Yes, you read correctly. I am animating my animations. Here is an After Effects ScreenShot showing the graph-editor on the lower right, with a graph of the time-remapping of the layer with the barbie walking through the forest-like terrain. Basically I am time-remapping her walk-cycle so it appears that she is dancing to the music. This works, and doesn’t really detract from the goodness of the original animation, because the original animations sucked and was very herky-jerky.

I will certainly be doing things like this alone in my room for the great majority of the forseeable future. I would suddenly wish that I were merely editing video for my project, but I guess I’m just an Ascetic at heart.

Roughly Edited Sequence, soundtrack

Here is the roughly edited sequence from my class critique session last Thursday. It is represents the summation of my work up to that point: about 2 minutes of soundtrack relatively complete, and 1:30 of video edited and composited roughly. In the first portion of the sequence of this sequence, the audio was created to synch with the video, and in the second portion the reverse is true.

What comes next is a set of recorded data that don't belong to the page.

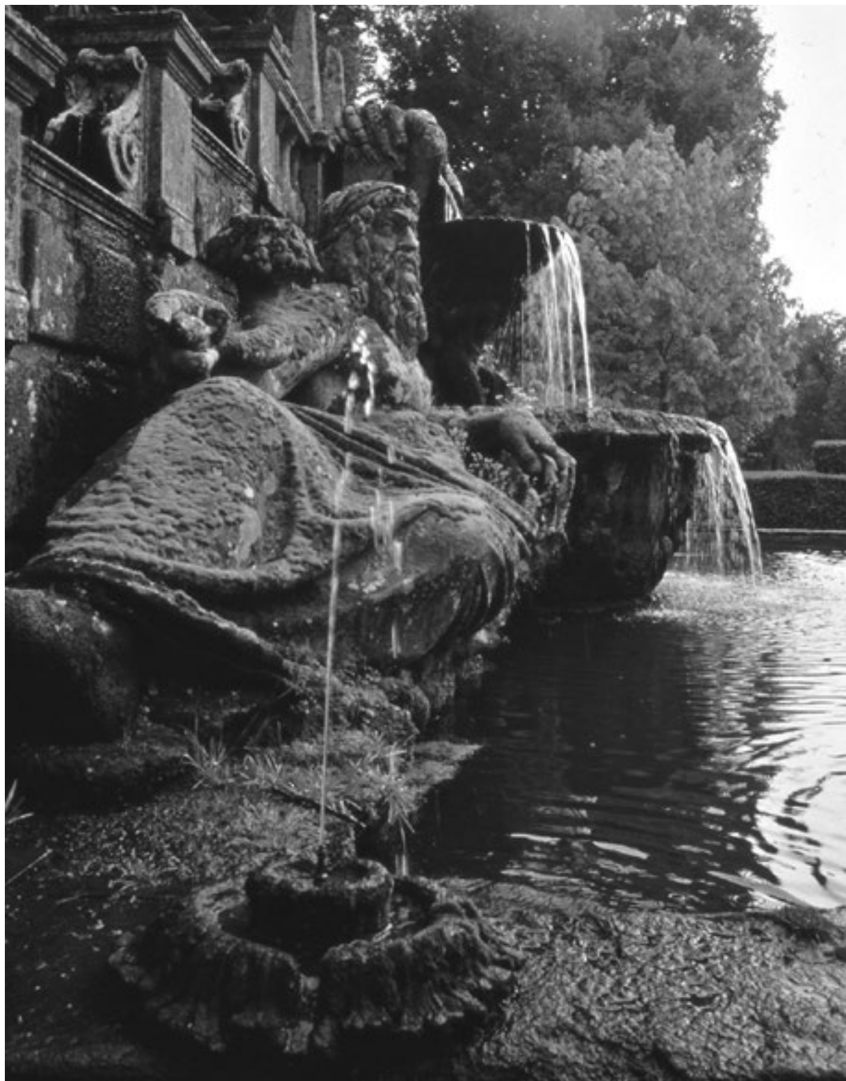
Villa Lante in Bagnaia, Italien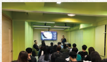
首次借予港九培靈研經大會，作書攤簡報會場地。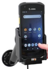
Fahrzeug-Ladestation, 12V/24V für Direktverdrahtung (offene Enden) zur Verschraubung, (Erweiterbar mit RAM Mount oder Saugnapf)

IdentWERK – Mehr als nur Hardware! Als Auto-ID-Systemhaus und Zebra Premier Business Partner unterstützen wir Sie auch bei Service und Support rund um den TC21/TC26, der zentralen Verwaltung Ihrer mobilen Geräte, egal ob im Haus oder im Außendienst und sind Ihr Ansprechpartner für die passende mobile Unternehmensanwendung auf Ihrem Zebra TC21/TC26 - www.identwerk.de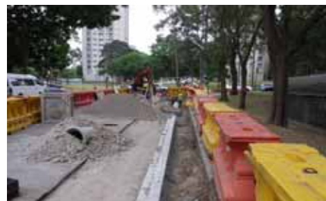
自転車専用道路建設現場

日本のまちづくりでも着目されている自転車専用道路の設計業務の現場検査に立ち会いました。シドニー市でもまちの一大事業として整備が進められており、CBD エリアでは既にスーツにヘルメット姿で通勤する姿も多く見られました。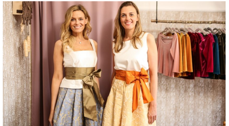
Und du so? Bayern und Tschechien im grenzenlosen Kultur-Austausch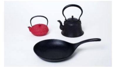
〈代表作品〉 急須 格子アラレ (左)、平底撫肩鉄瓶 1L (右)、 オムレット 24cm (下)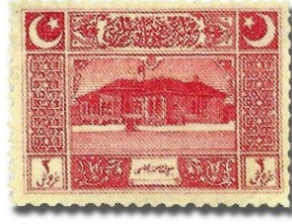
Resim 34. 1922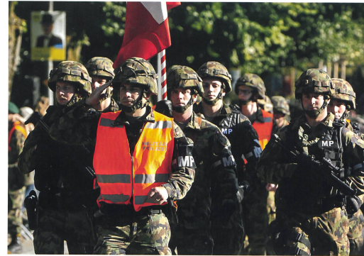
Das Militärpolizeibataillon 2 beim strammen Vorbeimarsch.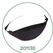
201130 Sacoche de transport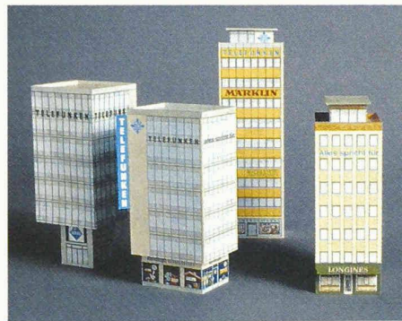
Hochhäuser aus den 1950er und 1960er Jahren. 1968. Massstab H0/1:87. Gebaut ca. 11x10x31 cm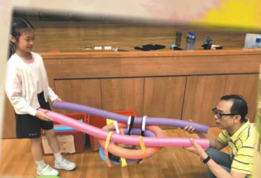
你們看，他們利用習泳棒做了甚麼東西？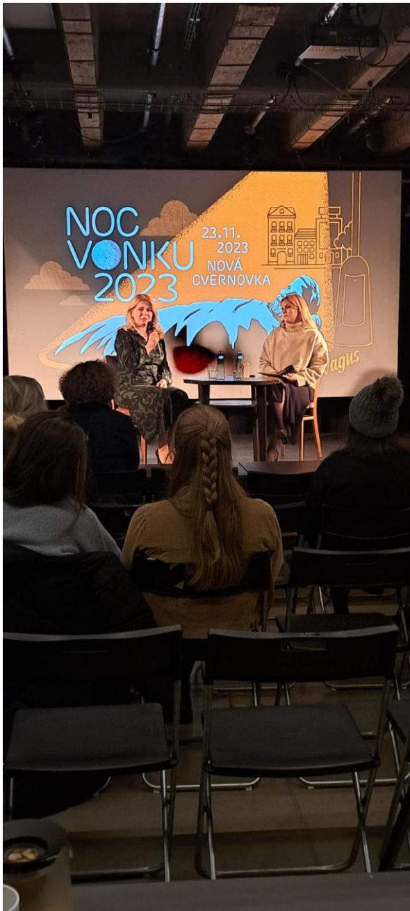
Podujatie neziskovej organizácie Vagus – Noc vonku, Nová cvernovka, Račianska ul., Bratislava, november 2023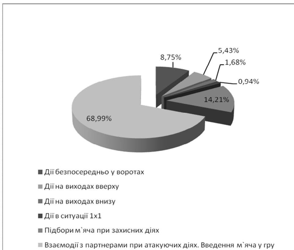
Рис. 2. Співвідношення кількісних показників техніко-тактичних дій воротаря в різних типових ситуаціях в умовах змагань (%)

I have been rather exceedingly busy. Last saturday and sunday, I had a fabulous time helping Chloé out on her project along with Brad. There was multitudes of exciting pixilation and exhilarant subject-matter, and not a few gigglesomely delirious early mornings. Woo! Every spare moment of my time will now be spent on editing/compositing and soundtrack, and figuring out what I am doing next year at Evergreen.

roughly edited sequence – MP4 format


Roughly Edited Sequence – MOV format

Here is the soundtrack so far:

Audio clip: Adobe Flash Player (version 9 or above) is required to play this audio clip. Download the latest version here. You also need to have JavaScript enabled in your browser.

A Conversation, and an Update on Progress

I made a very rough video in 1.5 hours, for a guy who was paying $15 per video you uploaded to his website, which is interestingly devoted to probing the phenomena of online instant message conversations through the medium of user-submitted re-enactment videos. Being somewhat intrigued by this idea, and somewhat poor, I submitted a video, which you may enjoy watching.

In other news, I have been making progress on my soundtrack in the two days since the After Effects “orkshop”, working out the finer points of Ableton Live and Sonar 5. Thanks to an excellent Live workshop put on by Ben Stein and ElectroSOW tonight, I have a bunch of ideas and excited motivations abound. That is all for now.